Results are expressed as individual data or as the mean±SD. Statistical comparisons were performed using the Student’s t-test in order to determine statistical significance. Paired t-test was used for methylcellulose experiments. The p value was determined and values for p<0.05 or p<0.001 were considered significant. The Microsoft Excel and SPSS Packages were used to perform statistical analysis.

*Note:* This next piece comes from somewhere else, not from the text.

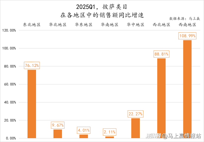 尽管披萨类目所占市场份额和销售额整体规模都不大,但在各地区中的销售额同比增速都优于其他类目,所有地区销售额同比增速均为正。但具体来看,区域差异十分显著,西南地区以108.99%的同比增速爆发式增长,东北地区和西北地区也紧随其后,华中地区以22.27%的同比增速稳健增长,而华北、华东和西南地区则相对滞后。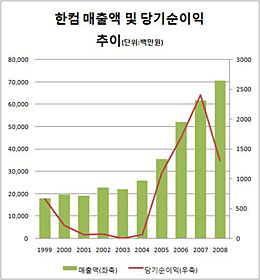 먼저 한컴의 경우 지난 1999년부터 2004년 사이 대체로 200억 원 내외를 맴돌던 매출액이 한화에스앤씨의 자회사가 된 직후인 2005년(355억 원)부터 급격하게 늘어났다. 지난해는 706억 원에 달한다.

Bone Marrow Extracts Enhance Hematopoietic Colony Formation
We first investigated the effect of acellular BME on the proliferation and differentiation of CB hematopoietic progenitors using colony-forming assays in methylcellulose. A total of 20,000 CB MNCs from each patient (n = 6) were plated on different types of methylcellulose-based media (HSC002, HSC003, and HSC004), in the presence or absence of BME (CB+BME or CB, respectively). In HSC002 media, which does not contain any added growth factors, the addition of BME increased the number of CFU-G/M colonies by 1.7-fold (Figure 1A, upper panel). In HSC003 media, which contains SCF, GM-CSF, IL3 and Epo, the addition of BME resulted in a significant increase of approximately 1.5 fold in the number of myeloid colonies (CFU-G/M), erythroid colonies (BFU-E) and mixed colonies (CFU-GEMM) (p<0.05 for all colony types) (Figure 1A, middle panel). Finally, in HSC004 which contains SCF, GM-CSF and IL3, BME increased the number of myeloid colonies by at least 2-fold (Figure 1A, lower panel). Similar results were obtained when positively selected CB CD34+ cells were used. Indeed, when 100 CD34+ cells from each CB sample (n = 4), were plated on the basic methylcellulose media without any added factors (HSC002), myeloid colonies (CFU-G/M) appeared only in the presence of BME (Figure 1B, upper panel). Moreover, addition of BME resulted in a significant increase of myeloid colonies (2 fold) in HSC003 and HSC004 (p<0.001), of erythroid colonies in HSC003 (p<0.001), and of GEMM in HSC003 (p<0.05) (Figure 1B, middle and lower panels). Since HSC002 and HSC004 media presented neither CFU-GEMM nor BFU-E (erythroid) colonies, we may speculate that BME do not contain any EPO activity. Overall, BME increased the number of myeloid and erythroid colonies in methylcellulose culture from both CB MNC and CB CD34+ cells.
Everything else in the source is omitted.